Clearly, there has to be a real and organized fight-back against Cameron, his party, the cowardly Labour opposition, and the whole economic and political system. It should begin with meetings, marches, and neighborhood organizing against all of Cameron’s cutbacks but it should also denounce the police and call for expanded jobs and free education for all. And crucially, both Afro-Caribbean and Asian youths should be its core. There should be a peace pact between these groups and an alliance against the police and government. Libertarian socialists and anarchists on the local scene must work to forge unity. The need is clear and urgent. Longer term, they should encourage and build thinking that goes beyond these goals and aims to get rid of the whole ruling class, to seize control of society’s wealth and manage society and the economy cooperatively and democratically.
One final point is worth some thought. Though not directly related, the response to the riots is similar to some of the reactions against multiculturalism going on elsewhere in Europe, such as the horrific executions of 69 Norwegian social-democratic youth, many of immigrant background, by Anders Behring Breivik, a self-described Christian monoculturalist, or the increasing support by Dutch voters for the anti-immigrant Freedom Party.
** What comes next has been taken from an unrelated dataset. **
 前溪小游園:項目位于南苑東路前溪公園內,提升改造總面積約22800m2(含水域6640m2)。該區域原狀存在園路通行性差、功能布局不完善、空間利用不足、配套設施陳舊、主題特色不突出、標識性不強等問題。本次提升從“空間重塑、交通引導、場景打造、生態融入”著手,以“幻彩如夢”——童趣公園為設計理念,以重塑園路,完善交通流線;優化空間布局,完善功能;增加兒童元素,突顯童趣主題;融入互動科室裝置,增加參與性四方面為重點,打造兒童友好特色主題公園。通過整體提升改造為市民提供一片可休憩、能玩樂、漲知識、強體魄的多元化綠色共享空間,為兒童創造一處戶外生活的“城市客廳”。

The differences are many – notably that in the British riots one racial minority community, South Asians, was defensively pitted against another. And the condemnation of the rioters was not fueled by anti-Muslim prejudice as in so much of Europe. But similarities are striking too. Cameron’s sneering about “gangs of thugs” with their “lack of morals” reflects a sense of Afro-Caribbean poor and working class people as a profoundly different culture from the prime minister’s own upper middle-class background. It’s a racial, class, and cultural sense, and all these are related. These intolerant reactions are only exacerbated by the economic crisis mentioned earlier; though the prejudice and hatred go way back, they are becoming more intense now, when there is no longer enough prosperity to allow gestures toward limited social betterment.
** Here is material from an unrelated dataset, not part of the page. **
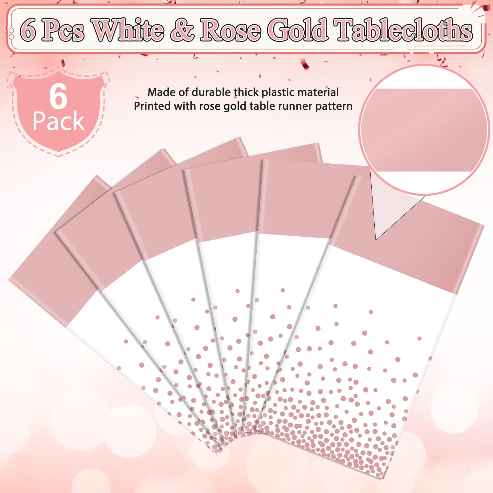 What will you receive: 6 pieces plastic white and rose gold party tablecloth,all over printed with rose gold dot on white background,the rose gold table runner in the middle is printed pattern,ideal for decorating your graduation birthday party supplies and decorations

But multiculturalism as a strain on the traditional European national cultures doesn’t come from misguided liberal policies, as Breivik in Norway mistakenly thought – or from any policies for that matter. It comes from the nature of the global economy, global communications, and global culture. The global economy, completely transnational, has brought and will bring millions of Africans and Asians to Europe, more in the future than in the past. Communications today mean that immigration is no longer, as a century ago, a matter of transplanting oneself to a new land, to see the old one decades later if at all – now one can talk by cellphone from one’s kitchen in Manchester to one’s cousin in Karachi, and visit for a wedding. And the cultures that are building off all this, especially among the young, are global and diverse at the same time. So what the Breiviks and Camerons are reacting against is simply the nature of the modern world; they had better get used to it. Norway will never be “Norwegian,” England never “English,” in the rotten nostalgic senses, again. As James Baldwin so presciently wrote over sixty years ago – while visiting a Swiss village where he was then the only person of color – “This world is white no longer, and it will never be white again.”